_INFORMATION SUPPLIED_.
+ + + + +

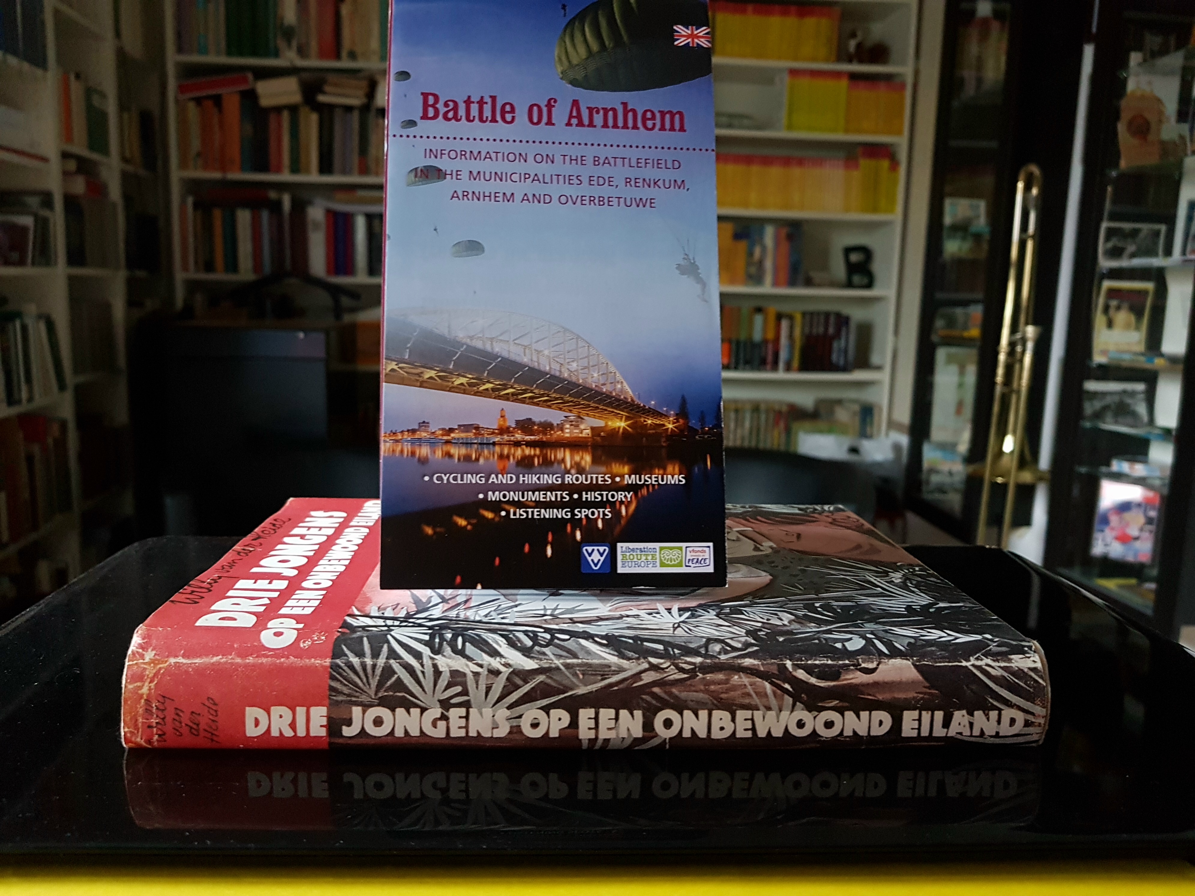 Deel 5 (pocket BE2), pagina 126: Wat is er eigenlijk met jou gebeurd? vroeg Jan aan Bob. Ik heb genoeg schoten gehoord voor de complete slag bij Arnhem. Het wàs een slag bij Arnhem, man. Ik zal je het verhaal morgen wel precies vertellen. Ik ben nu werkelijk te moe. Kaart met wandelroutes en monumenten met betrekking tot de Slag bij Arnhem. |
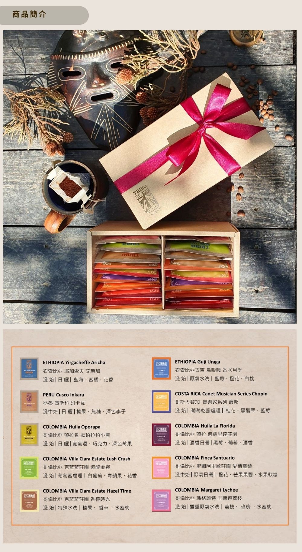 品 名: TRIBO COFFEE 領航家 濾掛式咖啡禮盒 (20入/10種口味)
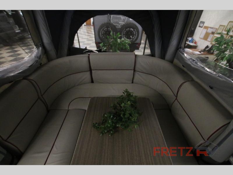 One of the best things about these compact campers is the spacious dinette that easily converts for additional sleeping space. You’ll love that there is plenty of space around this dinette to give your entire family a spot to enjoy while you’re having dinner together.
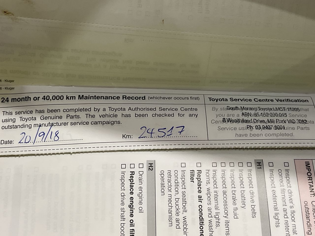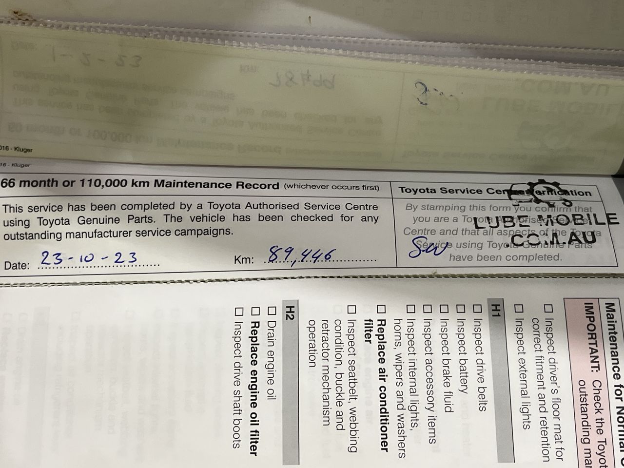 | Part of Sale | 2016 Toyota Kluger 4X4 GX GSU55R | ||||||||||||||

+ + + + +

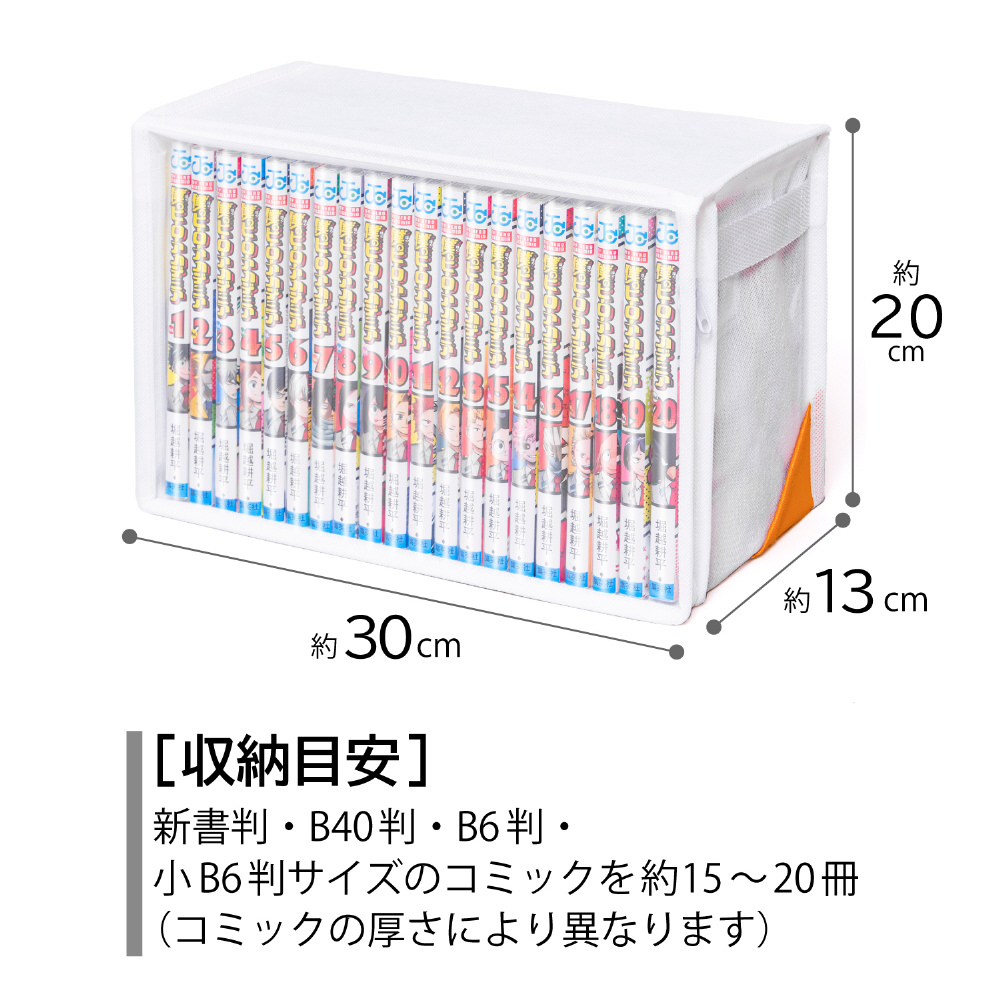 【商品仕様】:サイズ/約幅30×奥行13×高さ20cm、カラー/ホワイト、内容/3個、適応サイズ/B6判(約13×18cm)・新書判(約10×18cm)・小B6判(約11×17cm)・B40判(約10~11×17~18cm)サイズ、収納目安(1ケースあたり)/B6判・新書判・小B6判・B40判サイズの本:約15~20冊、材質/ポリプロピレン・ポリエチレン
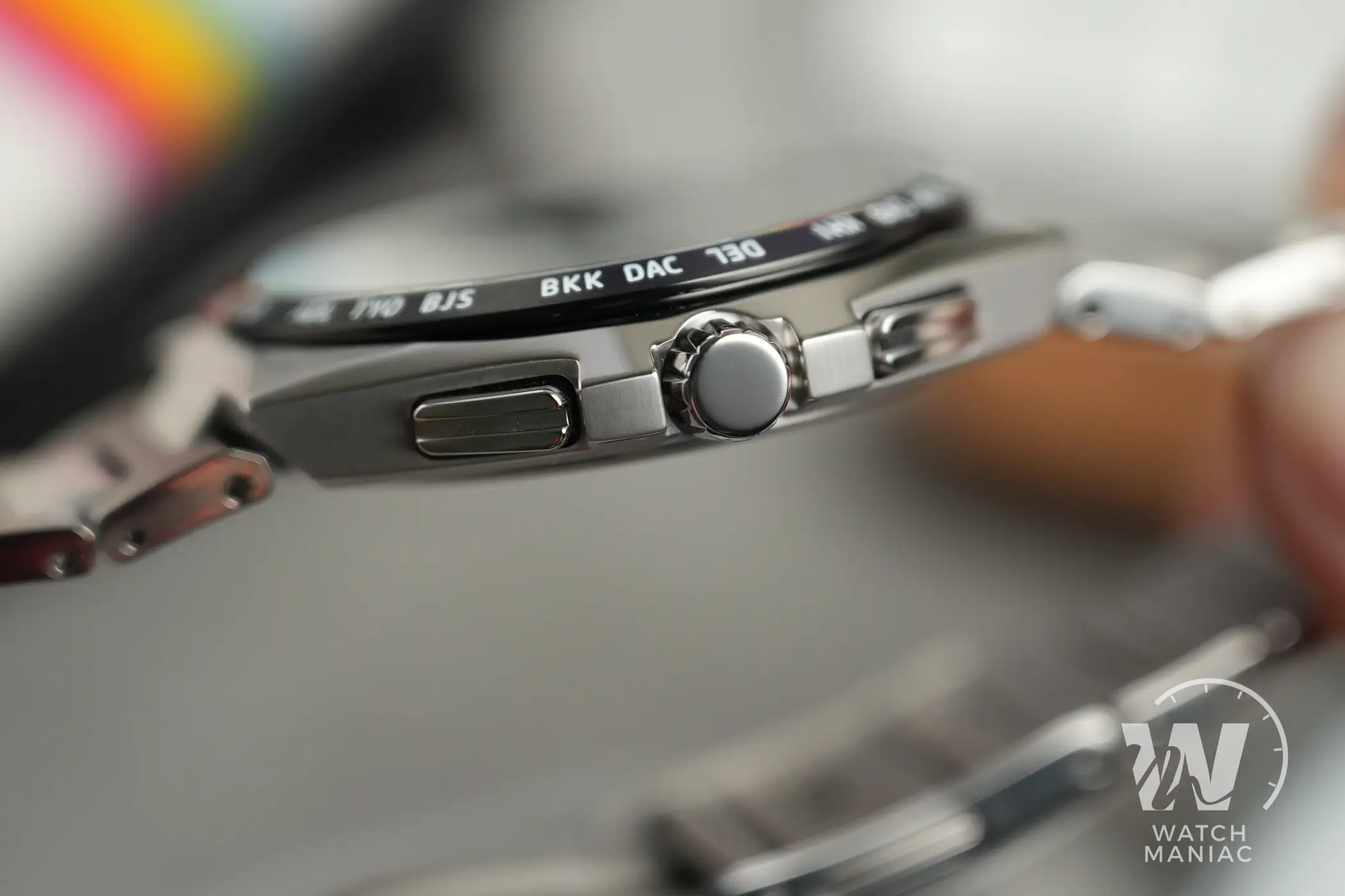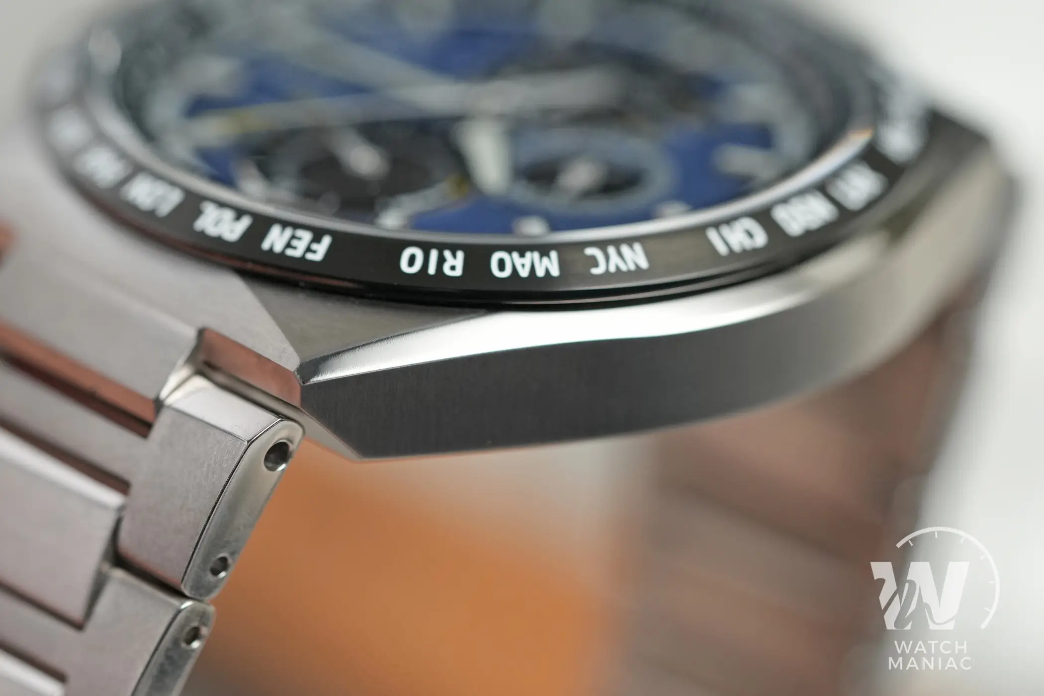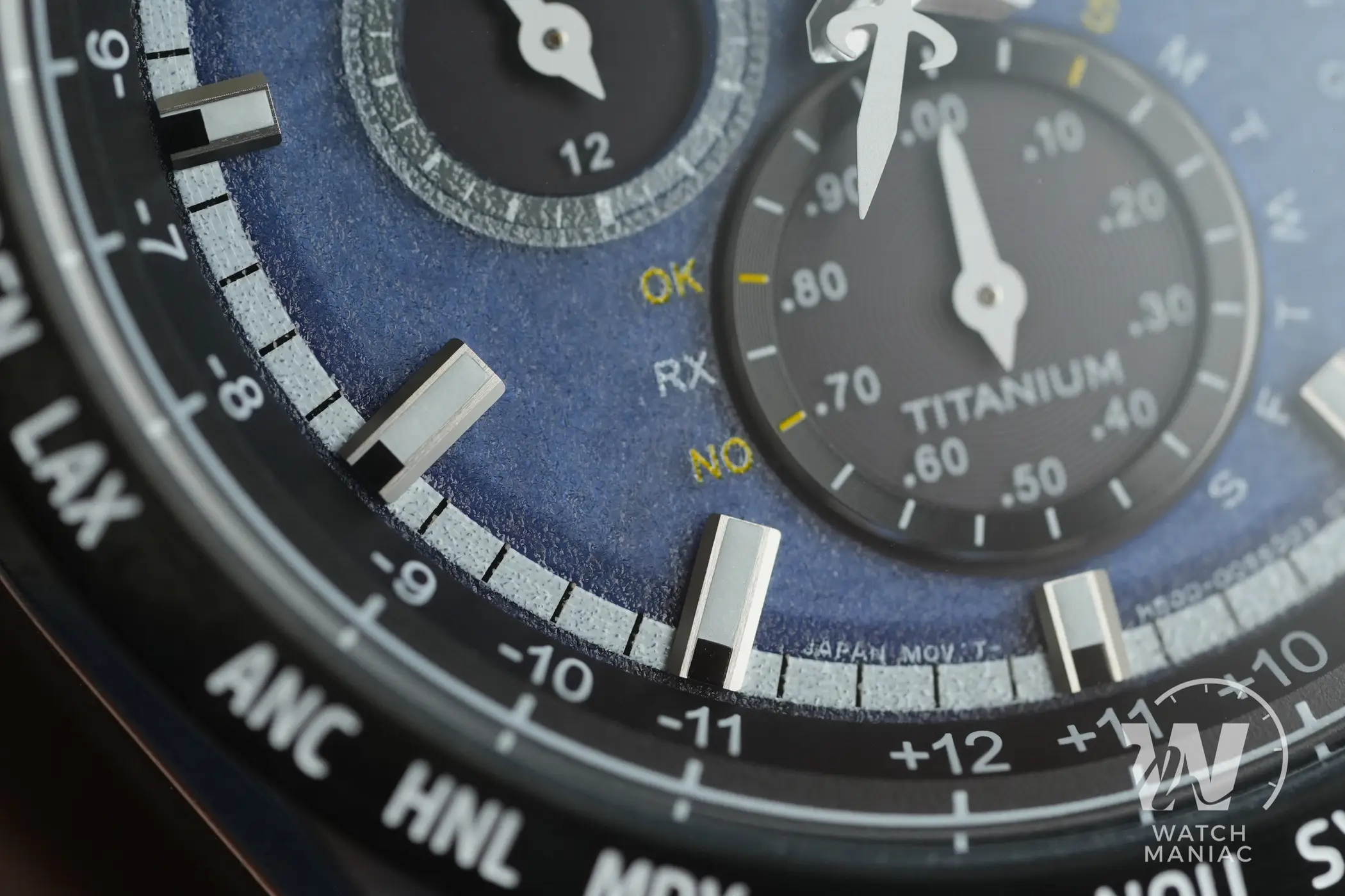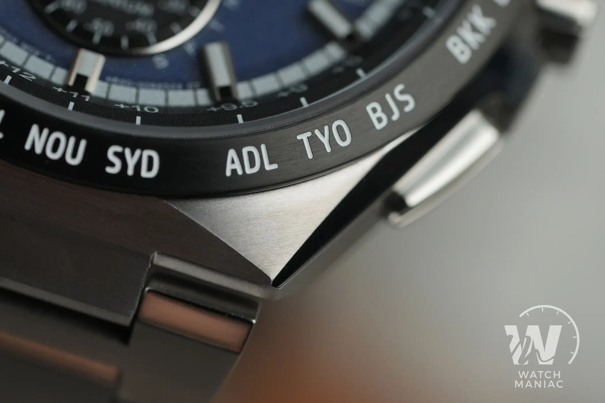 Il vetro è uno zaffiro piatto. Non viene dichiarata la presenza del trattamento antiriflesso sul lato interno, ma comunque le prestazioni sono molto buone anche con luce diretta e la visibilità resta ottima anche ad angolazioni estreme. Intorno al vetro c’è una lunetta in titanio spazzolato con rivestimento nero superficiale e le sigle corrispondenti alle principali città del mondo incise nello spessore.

+ + + + +

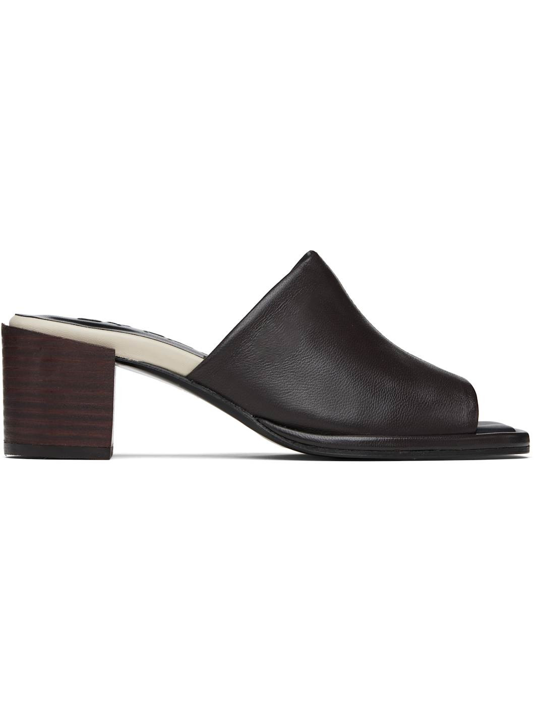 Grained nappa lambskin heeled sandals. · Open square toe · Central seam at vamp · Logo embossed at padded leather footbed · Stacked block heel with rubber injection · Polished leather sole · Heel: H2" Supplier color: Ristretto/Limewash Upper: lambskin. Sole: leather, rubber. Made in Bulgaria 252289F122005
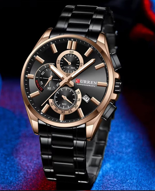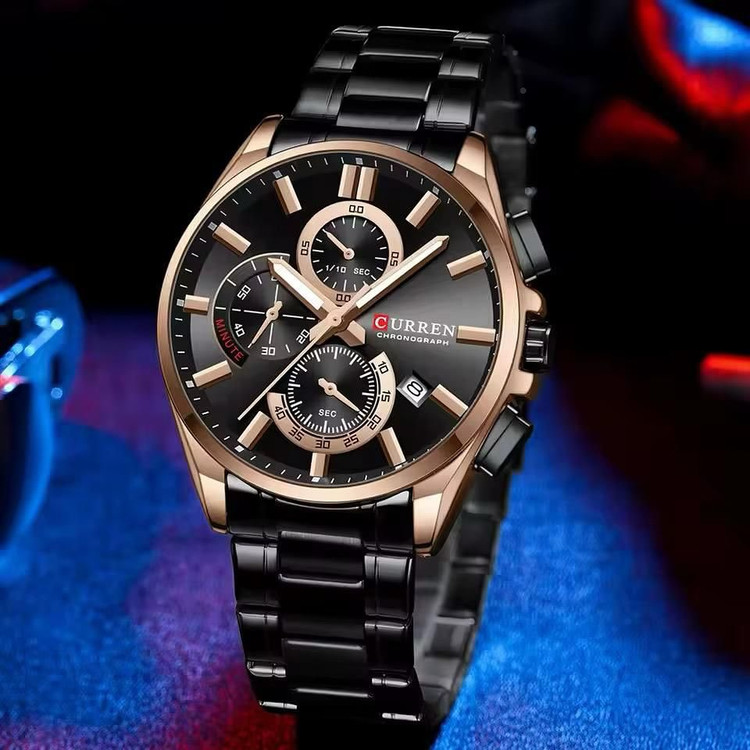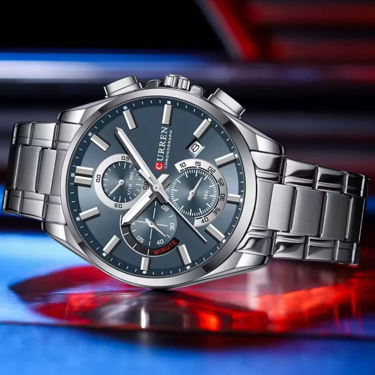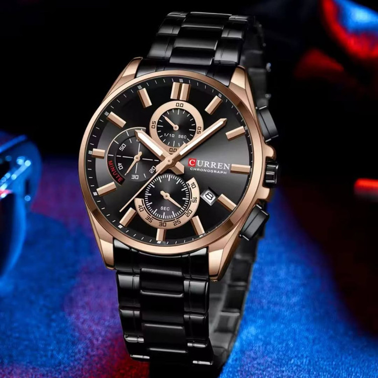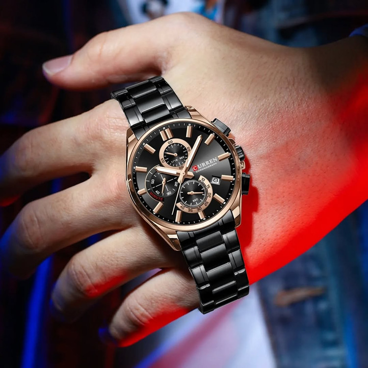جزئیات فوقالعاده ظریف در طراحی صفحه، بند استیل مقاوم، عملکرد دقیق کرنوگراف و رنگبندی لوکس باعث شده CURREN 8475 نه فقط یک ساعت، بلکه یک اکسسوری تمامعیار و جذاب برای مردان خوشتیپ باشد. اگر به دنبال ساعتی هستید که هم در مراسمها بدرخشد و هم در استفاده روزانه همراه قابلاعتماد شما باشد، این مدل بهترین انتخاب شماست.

+ + + + +

_WHAT THE TASK ASKS_.
Within the entries above, give again exactly the lines starting at the one that contains "Deel 5 (pocket" and ending at the one that contains "GSU55R | ||||||||||||||", leaving out the pictures.

_TASK SOLUTION_.
 Deel 5 (pocket BE2), pagina 126: Wat is er eigenlijk met jou gebeurd? vroeg Jan aan Bob. Ik heb genoeg schoten gehoord voor de complete slag bij Arnhem. Het wàs een slag bij Arnhem, man. Ik zal je het verhaal morgen wel precies vertellen. Ik ben nu werkelijk te moe. Kaart met wandelroutes en monumenten met betrekking tot de Slag bij Arnhem. |
 品 名: TRIBO COFFEE 領航家 濾掛式咖啡禮盒 (20入/10種口味)
 One of the best things about these compact campers is the spacious dinette that easily converts for additional sleeping space. You’ll love that there is plenty of space around this dinette to give your entire family a spot to enjoy while you’re having dinner together.
 | Part of Sale | 2016 Toyota Kluger 4X4 GX GSU55R | ||||||||||||||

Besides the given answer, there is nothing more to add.